Three proof-of-concepts for man-machine communication

To ensure the research on Human-like AI is geared as much as possible towards applicable technologies, imec defined three proof-of-concepts. These should lay the foundations for concrete solutions and for more widely applicable knowledge and technology. The three use cases are: understanding the context around vehicles, complex in-car dialogues and the AI-assisted operator. The initial focus of these scenarios has been defined for three years, with intermediate results that must be transferable to the industry from the first year onwards.

In the first proof-of-concept, technology for self-driving cars, imec specifically focuses on AI solutions that allow self-driving cars to get a better understanding of their surroundings. Starting with better object recognition. With the current status of the technology, other road users are sometimes still incorrectly identified.

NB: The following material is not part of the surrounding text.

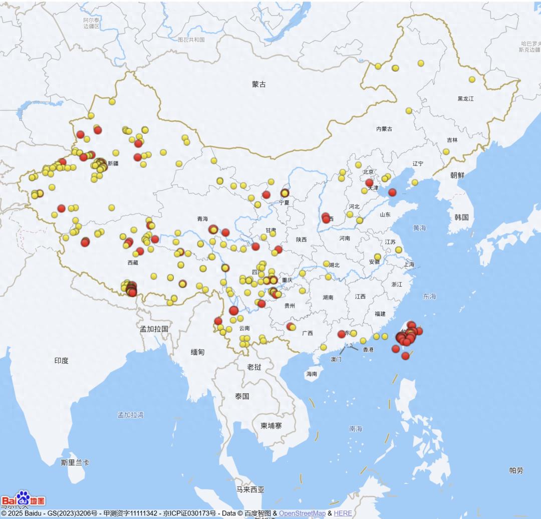 2025年以来(截至7月31日)全国三级及以上地震活动分布图(四级以上红色标注)

For example, when a car is driving on the pavement, it could fall outside the framework of what the software has learned in terms of pattern recognition. Next, also being able to predict traffic situations and intentions of other road users come into play. 

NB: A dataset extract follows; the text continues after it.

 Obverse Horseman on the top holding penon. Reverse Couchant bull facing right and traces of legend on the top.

Think of anticipating a cyclist making a turn, because he or she is already slightly deviating or the cyclist is looking in a certain direction. 

As human drivers we can interpret such subtle signals, but for the moment self-driving cars cannot. The results of this case can also be applied in other industrial environments where self-driving vehicles are used, such as logistics or agriculture. Or in situations where human intentions must be interpreted, such as crowd management or healthcare.

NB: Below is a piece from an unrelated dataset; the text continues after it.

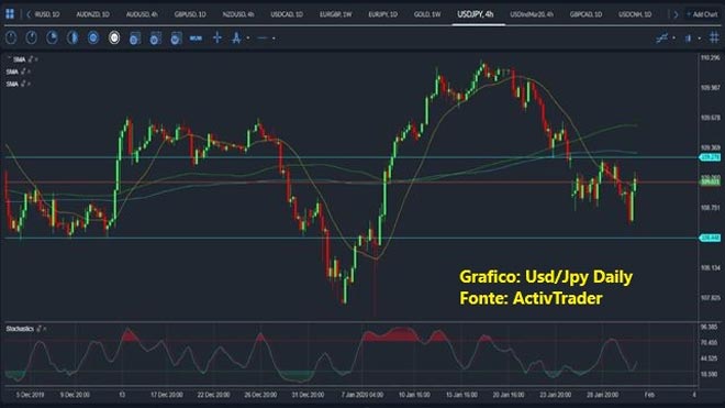 La reazione dei mercati, in chiusura di giornata, dopo una seduta caratterizzata da un risk off controllato, è stata significativa e sia il gold che il UsdJpy hanno corretto rispetto ai loro livelli di massima tensione, che erano stati rispettivamente un massimo di oro a 1586 dollari e un minimo di UsdJpy a 108.60. Stamani troviamo il Gold a 1573 e UsdJpy a 109.05. Anche il dollaro australiano, martoriato ieri dai venditori fino ad un minimo di 0.6700 ha reagito recuperando uno 0.30%. Ovviamente la situazione resta precaria, per tante ragioni, legate ovviamente all’incertezza sulle notizie e al timore che siano ben peggiori di quanto non venga comunicato. A nostro avviso occorre rimanere vigili ma consapevoli, e occorre osservare i fatti senza farsi prendere dal panico o prendere decisioni avventate. Come al solito spesso i mercati, cercano la paura per far uscire investitori e avere la possibilità di rientrare a momento debito e a prezzi più vantaggiosi. Forse questo 2020 sarà un anno in cui vedremo diversi alti e bassi sui mercati, e senza ipotizzare una recessione, siamo convinti che un rallentamento globale sia decisamente possibile e forse anche salutare. Buona giornata e buon trading.

In the second case, the interaction of drivers with their car, imec is working on technology that allows for complex conversations between man and machine. 

Compare it to a digital taxi driver. You can not only instruct him to take you from A to B, but you can also ask for all kinds of other information along the way.

For example: "Why is it so busy here?" "Because there is a manifestation." "From whom?" "The unions are on strike today." "Why?" "Better working conditions in the catering industry" "Will there be a restaurant open tonight?" " Sure, what do you want to eat?" etc... The technology necessary to enable such advanced conversations goes beyond the pattern-based schemes behind current chatbots that are bound to a specific context. Once developed, it will also be useful for applications in retail, healthcare, etc.

The third scenario, assisting operators, requires an even more advanced development of the conversation between man and machine. This scenario focuses on situations in which operators perform actions with a low degree of repetition and which are therefore difficult to predict. In these situations, imec wants to develop technology that can help the operator to perform the work effectively and safely. Think of suggestions about a correct posture when lifting heavy loads, the correct use of hazardous machines, etc. 

An AI assistant could give tips and instructions by observing the operator. Where possible also fueled by the knowledge it has gained from the observation of other operators. 

"Have you ever tried to do this in a different way? I observed that other operators perform it faster or more safely." This type of technology can be used not only in the context of operators, but wherever human actions can be optimized.
To realize these proof-of-concepts, disciplines such as Natural Language Processing, Computer Vision, Cognitive Architectures, Reinforcement & Fast Learning and Recommendation Systems come together. To this end, imec works closely with partners in the AI impulse program, such as the University of Antwerp, KU Leuven and VUB.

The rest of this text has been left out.